If you don’t have a piece of information just complete your return in the Savings Income Reporting format that shows you don’t have it. Pad with spaces, put in 0, whatever the Savings Income Reporting format tells you to do.
When completing your return there is no legal problem with marking your PPIAFRC return as yes in the column for SI 03/3297. Putting a tick, a ‘yes’ or a ‘1’ in that place on the return just means that that part of the return has been completed in the Savings Income Reporting format.
What to report
HMRC uses the term ‘report’ ” in the sense of what interest payments to include in your PPIAFRC return. You must report the interest included in PPI redress payments that you make to residents of any state on the list of Additional Fully Reportable Countries. This list has been created so that it includes all states that you would normally report under Savings Income Reporting.
When to report
You must report, each year, the PPI redress interest payments made during the UK tax year. The notice to make a report will normally be issued with the usual BBSI, OI and SIR notices in February. For the first year the period starts on 6th April 2015 and ends on 5th April 2016. The notice to make a return will be issued towards the end of February 2016 and the return must be with HMRC with the other returns mentioned above by the end of June 2016.
How to report
You should report payments that you need to put on your return exactly as if they were Savings Income Reporting payments. If the Savings Income Reporting guidance says you must report every participant then report every participant, and not just the first 2 that you would for some other schedule 23 returns.
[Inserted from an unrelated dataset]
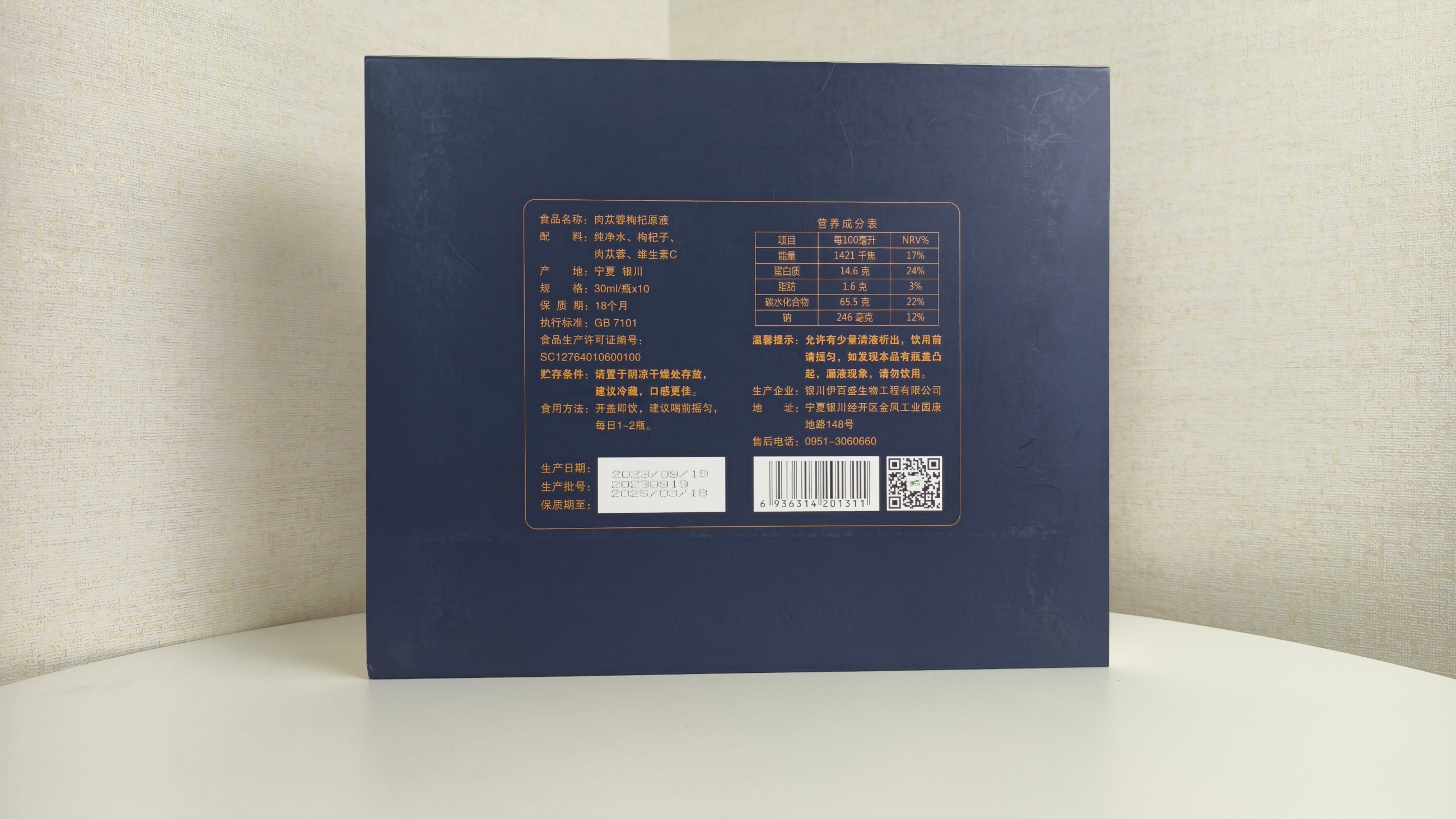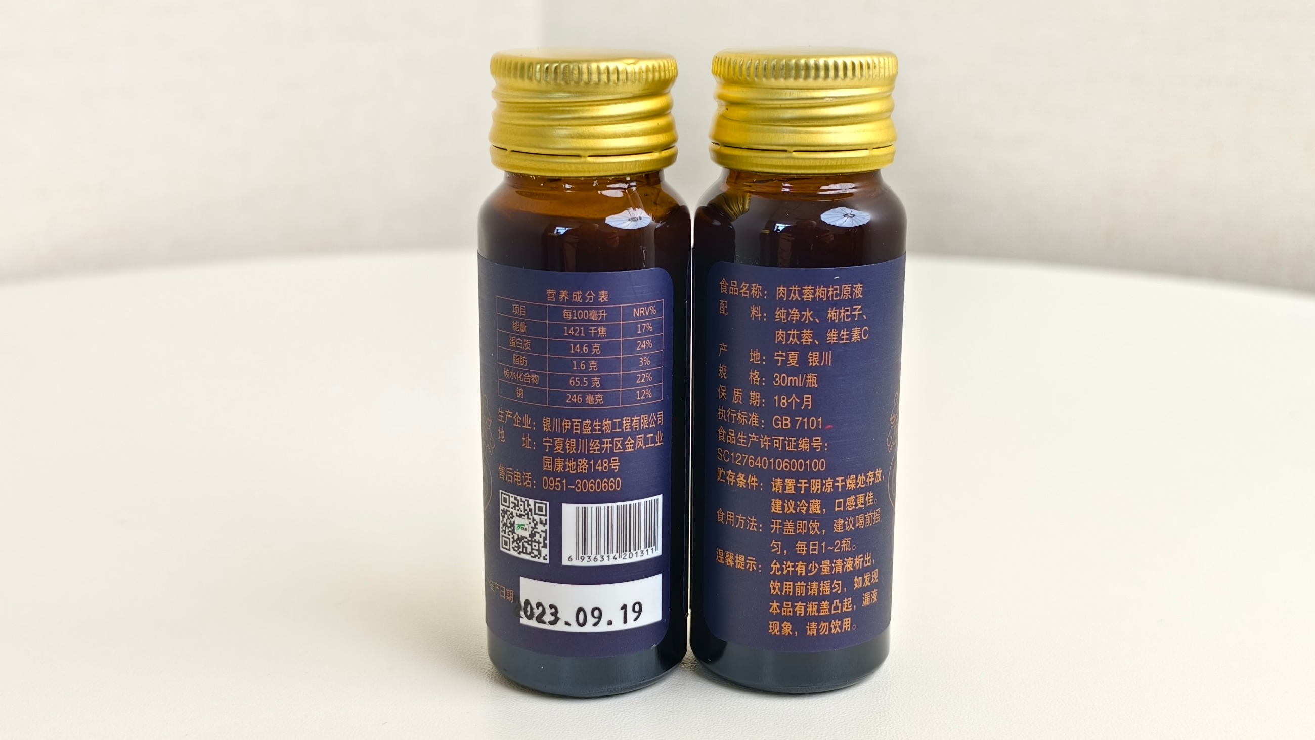 【食品名稱】肉蓯蓉枸杞原液肉蓯蓉( 荒漠)藥食同源試點產品【配料】純凈水、枸杞子、肉蓯蓉(帶鱗葉的肉質莖)【規格】30ml/瓶【食用方法及食用量】肉蓯蓉(帶鱗葉的肉質芝)使用量:≤6克/天,每日1-2瓶,開蓋即飲,建議喝前搖勻【不適宜人群】孕婦、哺乳期婦女及嬰幼兒【貯存方法】請置于陰涼干燥處存放,建議冷藏,口感更佳【保質期】18個月【執行標準】GB 7101【食品生產許可證編號】SC1276401

If you are in doubt, do what you would do if the payments were reportable under Savings Income Reporting and report in the Savings Income Reporting format. Guidance notes are available for Reporting Savings Income.
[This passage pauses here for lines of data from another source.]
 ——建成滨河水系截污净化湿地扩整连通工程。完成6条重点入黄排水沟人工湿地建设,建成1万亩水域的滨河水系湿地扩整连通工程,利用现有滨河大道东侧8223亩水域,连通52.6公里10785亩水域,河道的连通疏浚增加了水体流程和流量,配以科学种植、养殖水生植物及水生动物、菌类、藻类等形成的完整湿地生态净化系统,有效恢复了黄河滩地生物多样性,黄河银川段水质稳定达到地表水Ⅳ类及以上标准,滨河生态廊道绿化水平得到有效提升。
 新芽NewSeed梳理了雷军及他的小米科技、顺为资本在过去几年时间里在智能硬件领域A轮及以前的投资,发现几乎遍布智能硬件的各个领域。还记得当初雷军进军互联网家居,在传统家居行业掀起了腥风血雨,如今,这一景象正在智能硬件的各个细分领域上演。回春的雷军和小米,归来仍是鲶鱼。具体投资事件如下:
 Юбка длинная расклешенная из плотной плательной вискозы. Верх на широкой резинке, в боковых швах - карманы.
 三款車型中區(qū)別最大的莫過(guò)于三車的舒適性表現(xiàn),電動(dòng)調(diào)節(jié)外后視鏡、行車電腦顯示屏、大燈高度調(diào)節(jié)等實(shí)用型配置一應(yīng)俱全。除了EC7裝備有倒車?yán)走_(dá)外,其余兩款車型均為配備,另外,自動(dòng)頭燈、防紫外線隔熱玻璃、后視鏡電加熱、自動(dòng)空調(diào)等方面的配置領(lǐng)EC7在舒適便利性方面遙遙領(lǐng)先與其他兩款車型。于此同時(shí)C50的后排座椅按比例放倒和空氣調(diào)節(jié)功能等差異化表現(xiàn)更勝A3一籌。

New return reference numbers
You can produce a separate return for your PPIAFRC return or you can combine your PPIAFRC return with any of your other interest returns, BBSI, OI or Savings Income. If you want a separate return sub number you should contact HMRC at the address or telephone number below.
HM Revenue and Customs
Centre for National Information
Ty Glas Road
Telephone: 0300 058 2413
Partnership and joint accounts
It may be that some of your customers had a joint account that was miss-sold PPI. You should report those accounts according to the residence of the people you pay the PPI redress to. Those resident in the UK and the existing Fully Reportable countries should go on your BBSI or OI return depending on which you would normally report them. You must report those resident in the Additional Fully Reportable Countries as part of your PPIAFRC return. This may lead to different forms of reporting depending on the residence of the redress recipients. This is no different to the current situation where joint account holders are not resident in the same country and different reports are needed.
Forms R85 and R105
A financial institution may hold either R85 or R105 forms for particular accounts or in relation to particular customers. In general, the data on these forms is coded into the financial institution’s systems so that interest is paid gross or, where appropriate, the ultimate beneficial owner of the interest is reported to HMRC instead of any trustee or other intermediary. In this PPIAFRC return neither type of form should have its data reported. This is because, although the PPIAFRC return is made under schedule 23, like BBSI and OI, the format to be used for the PPIAFRC return is that of the European Union Savings Directive return which does not use R85 or R105 data.
Revenue and Customs Brief 33/2014 provides further information about reporting payment protection insurance interest payments to HMRC.